Material provided:
== == ==

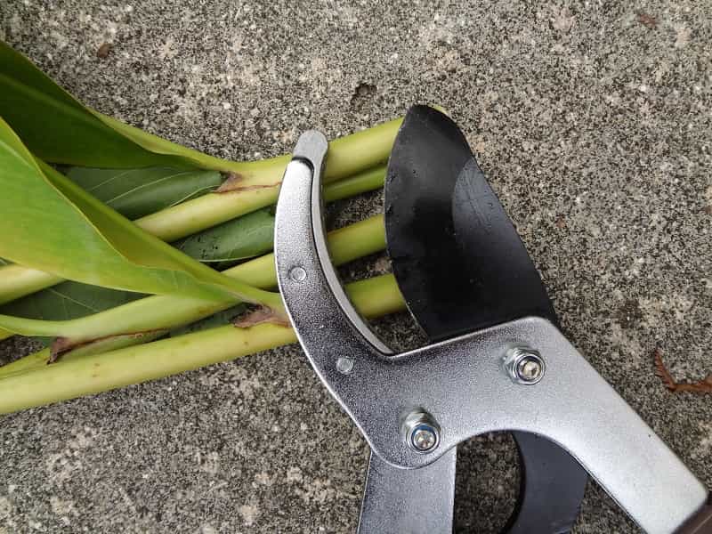 右画像 私のハサミは細い枝の場合刃から逃げてしまうようです 最後まで切れていません(^_^;)
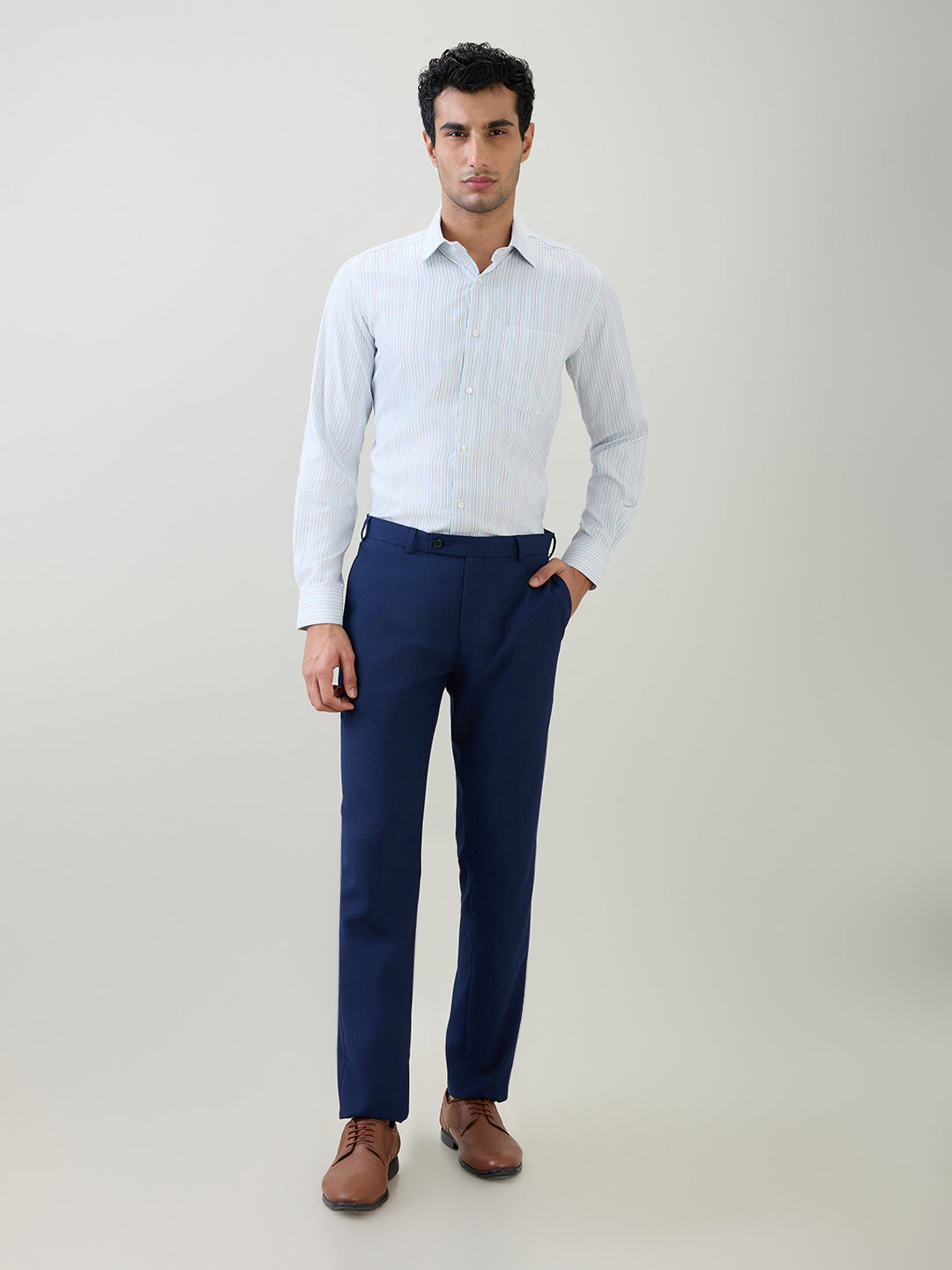 Raymond Men Grey Stripe Contemporary Fit Bamboo Blend Full Sleeve Formal Shirt
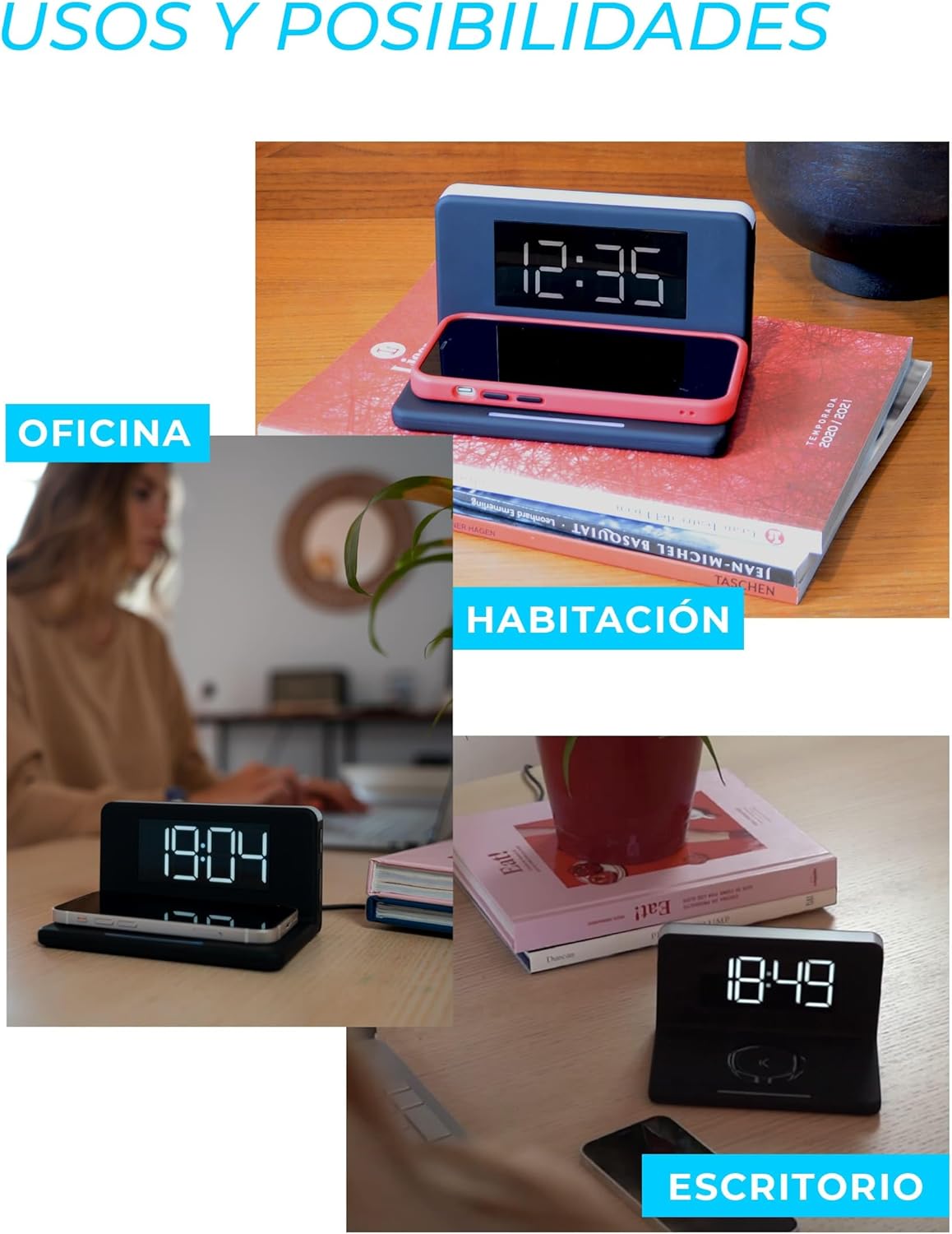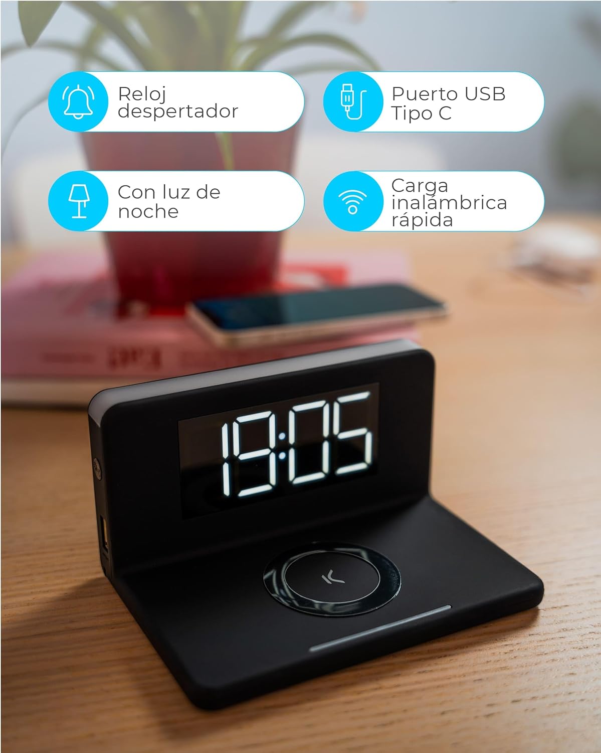 # Ksix Reloj Despertador Digital con Cargador Inalámbrico Qi – Despertador Inteligente con Carga Rápida 10kw – Despertador Digital con Pantalla LED – Reloj Mesita de Noche con Puerto USB – ¿vale la pena?
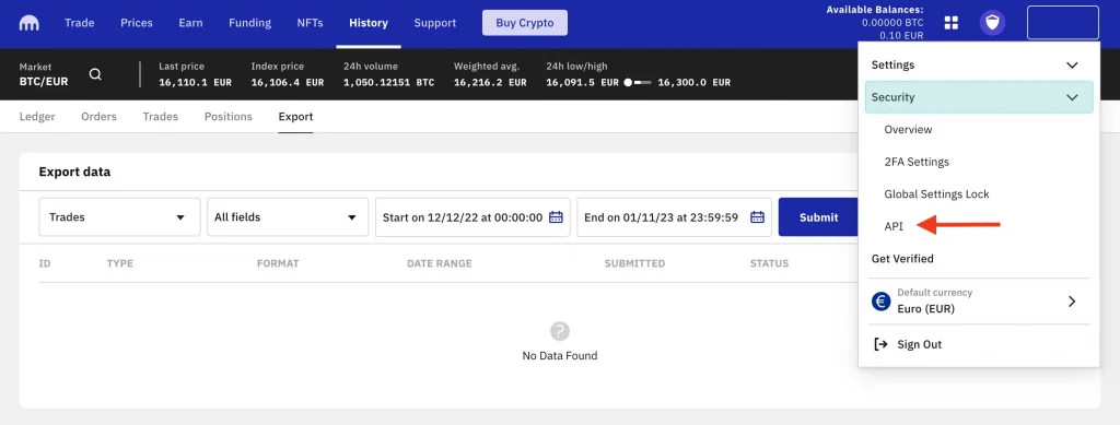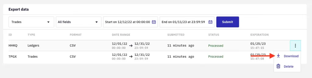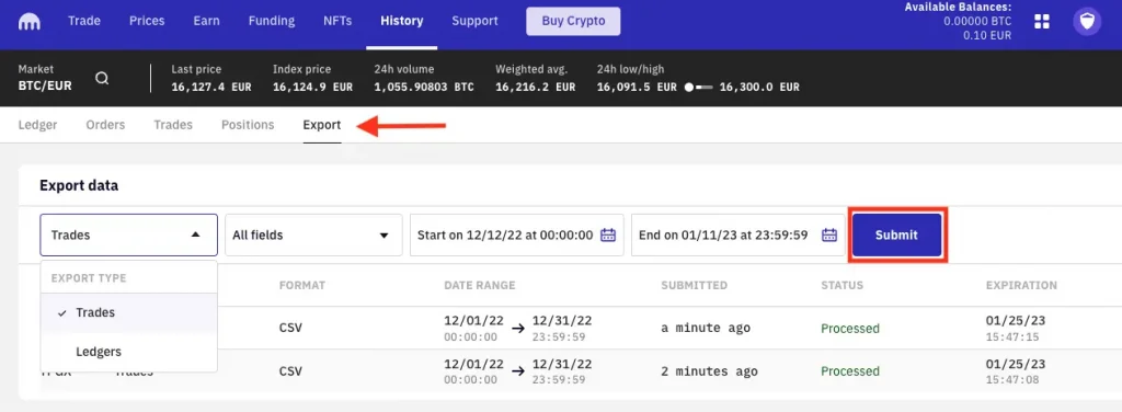 Schritt 2: Klicke im Untermenü nun zunächst auf “Export”. Wähle anschließend unter Export Type “Trades” oder “Ledgers” (für die Steuer sollten beide CSVs erstellt werden) und den Zeitraum, für den die CSV erstellt werden soll. Wenn das dein erster Export für die Steuererfassung ist, empfehle ich den Zeitraum seit deiner Kontoeröffnung einzustellen.

== == ==

Work order: Your output should be the lines above from the one that contains "Raymond Men Grey" through the one that contains "# Ksix Reloj", word for word, with pictures left out.

Response:
 Raymond Men Grey Stripe Contemporary Fit Bamboo Blend Full Sleeve Formal Shirt
 # Ksix Reloj Despertador Digital con Cargador Inalámbrico Qi – Despertador Inteligente con Carga Rápida 10kw – Despertador Digital con Pantalla LED – Reloj Mesita de Noche con Puerto USB – ¿vale la pena?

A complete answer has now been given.